**TASK PROMPT:** Beginning with the line containing "Nous vous invitons" and ending with the line containing "O presente trabalho", write out each line of the records below exactly; pictures and lines outside that range are left out.

**Stored items:**
┄┄┄┄┄┄

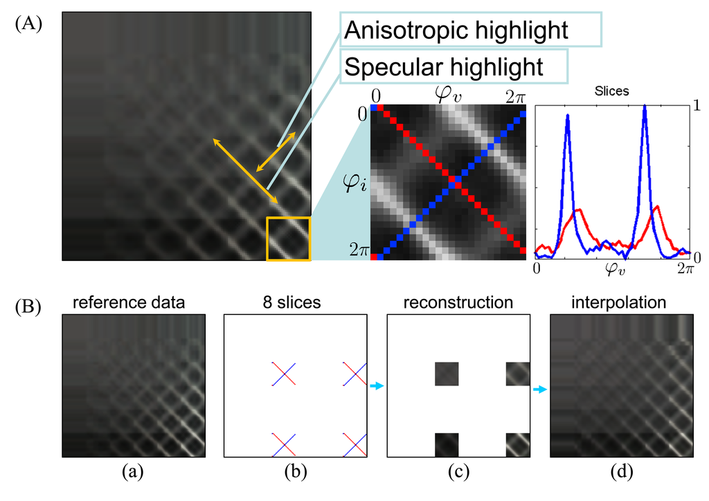 In this paper, we use ABRDF reconstruction from sparse data proposed in [13]. This method is based on two perpendicular slices measured across azimuthal angles for fixed light and camera elevations as shown in Figure 2A (red and blue). As the slices are perpendicular to anisotropic (the red one) and specular highlights (the blue one) they bear enough information to approximate azimuthally-dependent behavior of the ABRDF.
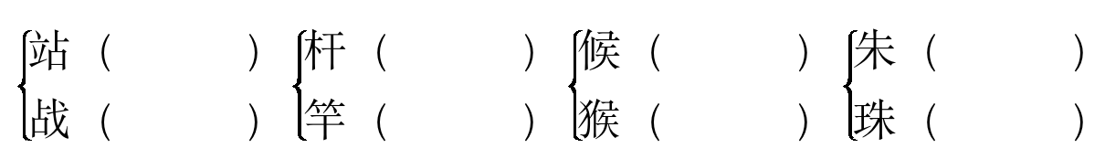 3.战斗(车站) 竹竿(一杆枪) 猴子(时候) 珍珠(朱红)
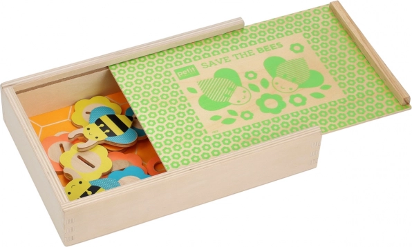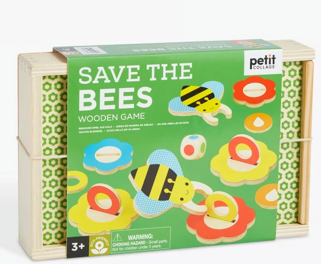 Dieses Spiel ist ideal für Kinder ab 3 Jahren, die auf spielerische Weise die Bedeutung der Bienen in unserem Ökosystem kennenlernen möchten. Die Spieler würfeln, suchen nach passenden Farben und helfen so den Bienen, Nektar zu sammeln. Die gesamte Spielverpackung besteht aus robustem Sperrholz und recyceltem Papier, was einen ökologischen Ansatz garantiert.
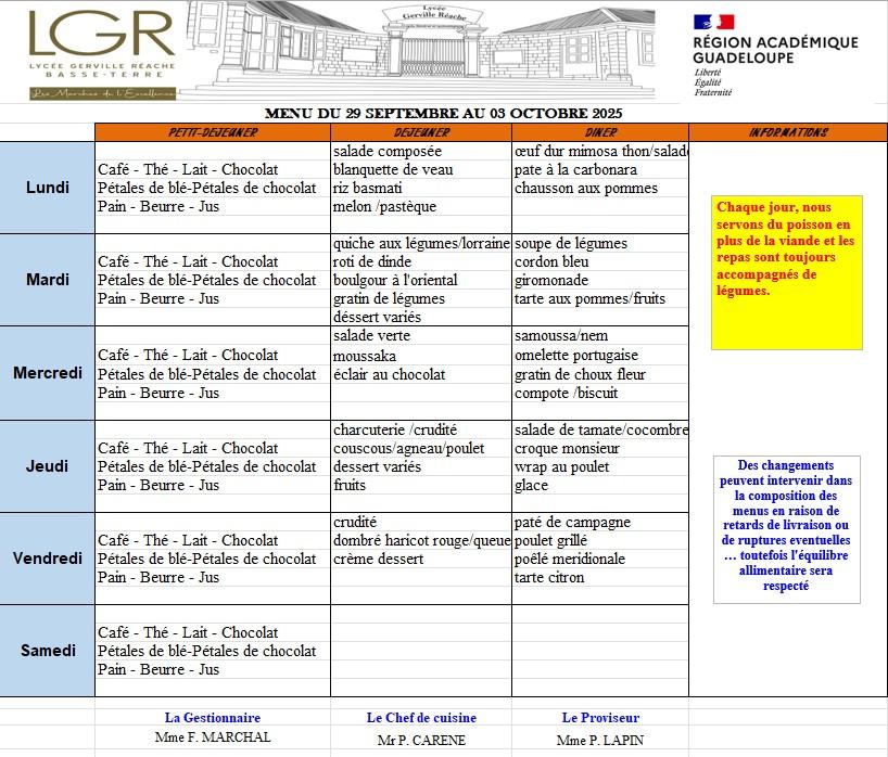 Nous vous invitons à découvrir chaque semaine les menus proposés pour le petit-déjeuner, le déjeuner et le diner.
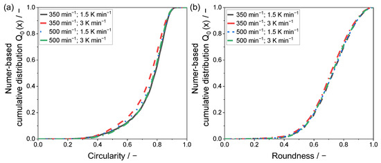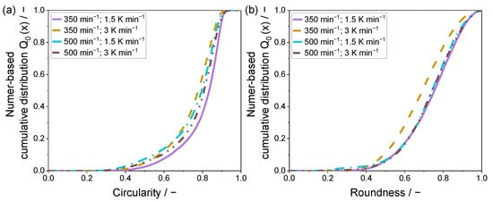 For a quantitative evaluation of the resulting particle shapes, a two-dimensional analysis by means of light microscopy was applied. The determined values for the shape factors circularity and roundness are given within a number-based cumulative distribution in Figure 6 and Figure 7.
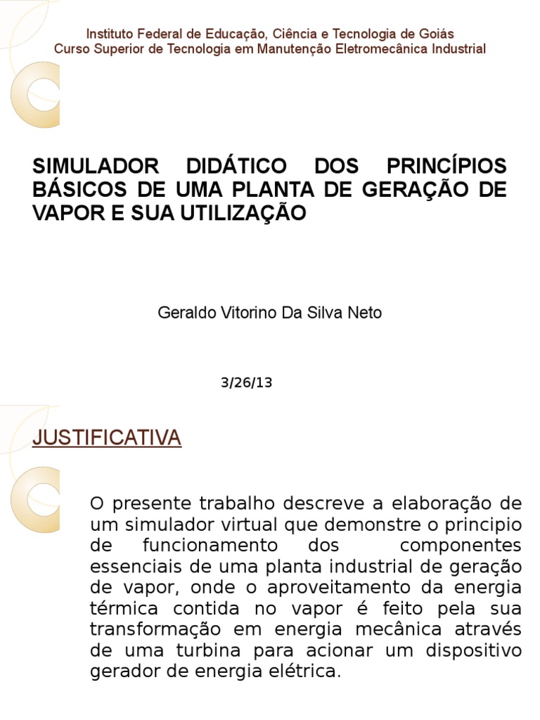 O presente trabalho descreve a elaborao de um simulador virtual que demonstre o principio de funcionamento dos componentes essenciais de uma planta industrial de gerao de vapor, onde o aproveitamento da energia trmica contida no vapor feito pela sua transformao em energia mecnica atravs de uma turbina para acionar um dispositivo gerador de energia eltrica.
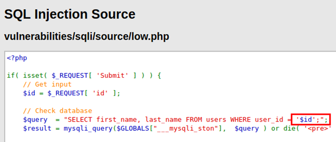 전체 사용자 확인을 위해, ' or'1'='1 "을 통해 우회함. => user_id가 공란(' ')이거나, 1인 사용자의 first_name과 surname이 출력됨. => 사용자의 아이디가 출력
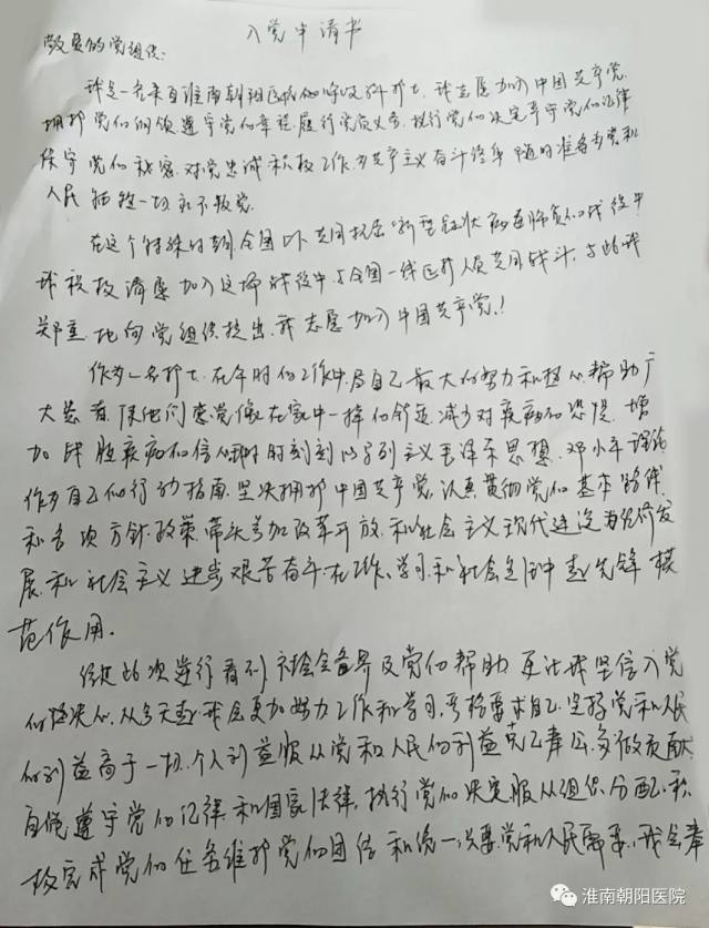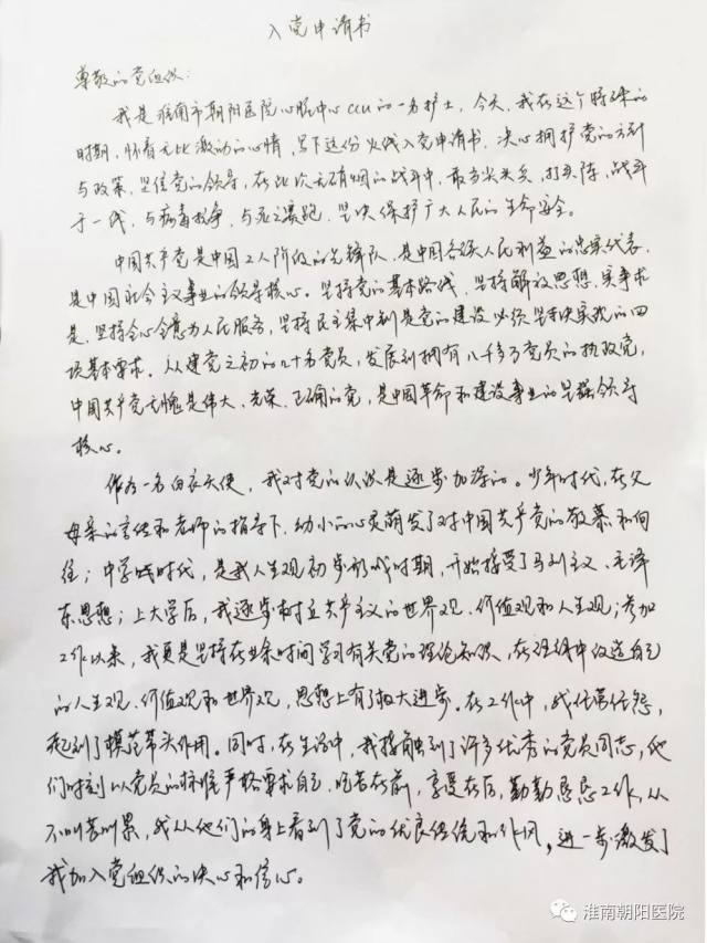 我们是临床一线普通的医务工作者,可我们更是一名中国人,在这特殊的时期,我们志愿申请加入中国共产党,用自己的绵薄之力为这场抗疫战争贡献一份力量。
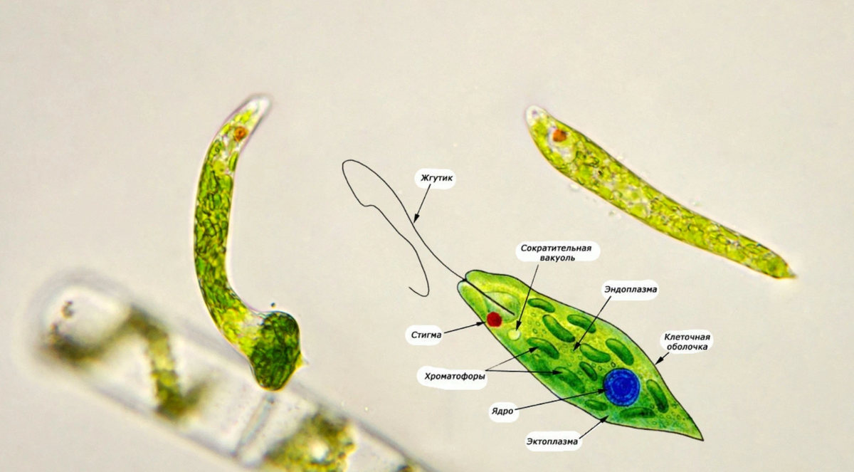 Следующий организм представляет особый интерес, поскольку находится на стыке двух царств, являясь чем-то средним между животным и растением. Эвглена может питаться как за счёт фотосинтеза (у неё есть хлоропласты), так и поедая бактерий и других микроорганизмов.
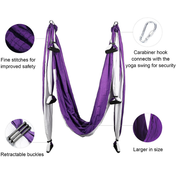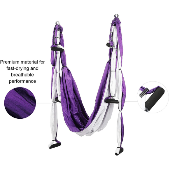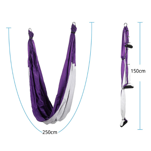 THREO Jógová houpačka zlepšuje vaše protažení a flexibilitu. Má jednoduchý design a umožňuje vám provádět různé typy vzdušných cvičení. Houpačka vypadá jako trapez a má vysokou nosnost. Jógová houpačka vám dává výhodu, že ji můžete nainstalovat kdekoliv chcete. Snižuje jakoukoli únavu během pozic s prohnutím zad. Houpačka je ideální pro širokou škálu jógových cvičení. Navíc ji můžete použít i při poraněné noze. Naše jógová houpačka pomáhá uvolnit bolest nebo tlak v krku, zádech a páteři a posiluje sílu rukou pomocí inverzní terapie.
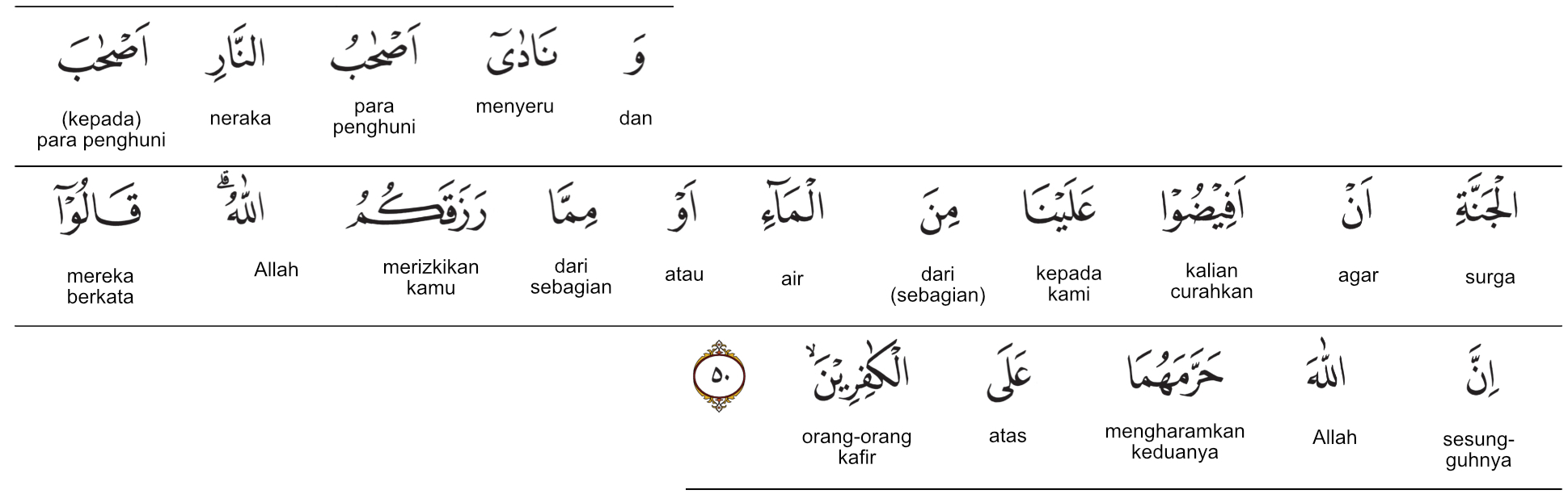 Kemenag RI 2019: Para penghuni neraka menyeru para penghuni surga, “Tuangkanlah (sedikit) air kepada kami atau rezeki apa saja yang telah dikaruniakan Allah kepadamu.” Mereka menjawab, “Sesungguhnya Allah telah mengharamkan keduanya (air dan rezeki) bagi orang-orang kafir.”
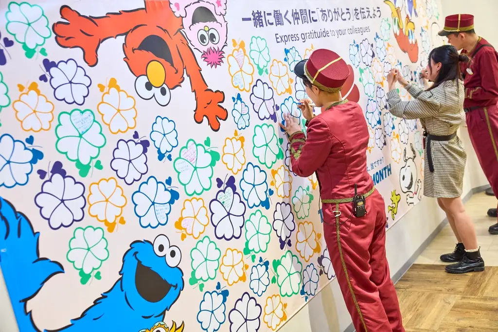 社内でも感謝を言葉で伝える文化を促進するための取り組みが行われます。ユー・エス・ジェイの社員間では大型バナーを用いたキャンペーンを実施し、メッセージカードに見立てた花びら一枚一枚に同僚への感謝の言葉を綴る形式を採用しています。
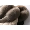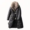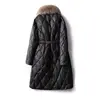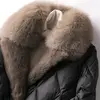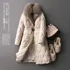 FAKUNTN mid-length Coat Women's coat light and luxurious temperament large fur collar waist down cotton jacket solid zipper
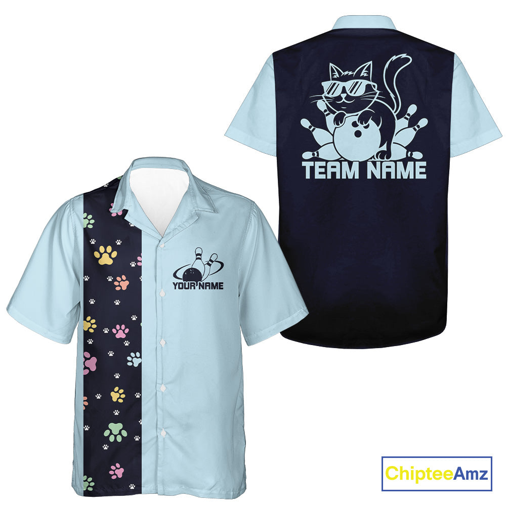 Custom Retro 50S Cat Bowling Button Up Shirt Men And Women, Vintage Cat Bowling Shirt IPHW10098
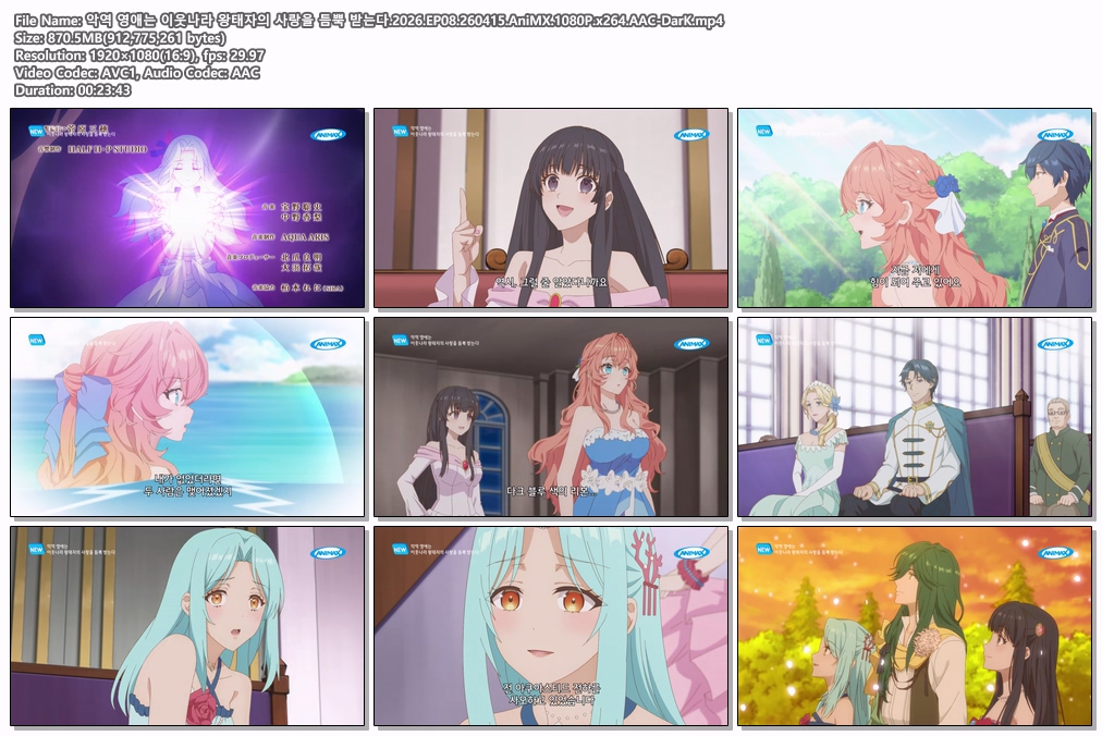 auto_awesome 애니 악역 영애는 이웃나라 악역 영애는 이웃나라 왕태자의 사랑을 듬뿍 받는.. person da*** calendar_today 2026.04.16 visibility 5,787 다운로드 1개 파일 folder_zip 악역 영애는 이웃나라 왕태자의 사랑을 듬뿍 받는다.2026.EP08.260415.AniMX.1080P.x264.AAC-DarK.mp4 870 MB download
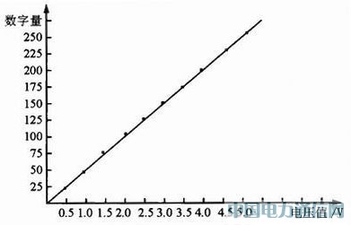 從圖中選取幾組數(shù)字值和電壓值計算出數(shù)字值和電壓值之間滿足線性關系的斜率為50.33,即以Y表示數(shù)字值,X為電壓值,則Y=50.33X.

┄┄┄┄┄┄

**WRITTEN RESPONSE:**
 Nous vous invitons à découvrir chaque semaine les menus proposés pour le petit-déjeuner, le déjeuner et le diner.
 For a quantitative evaluation of the resulting particle shapes, a two-dimensional analysis by means of light microscopy was applied. The determined values for the shape factors circularity and roundness are given within a number-based cumulative distribution in Figure 6 and Figure 7.
 O presente trabalho descreve a elaborao de um simulador virtual que demonstre o principio de funcionamento dos componentes essenciais de uma planta industrial de gerao de vapor, onde o aproveitamento da energia trmica contida no vapor feito pela sua transformao em energia mecnica atravs de uma turbina para acionar um dispositivo gerador de energia eltrica.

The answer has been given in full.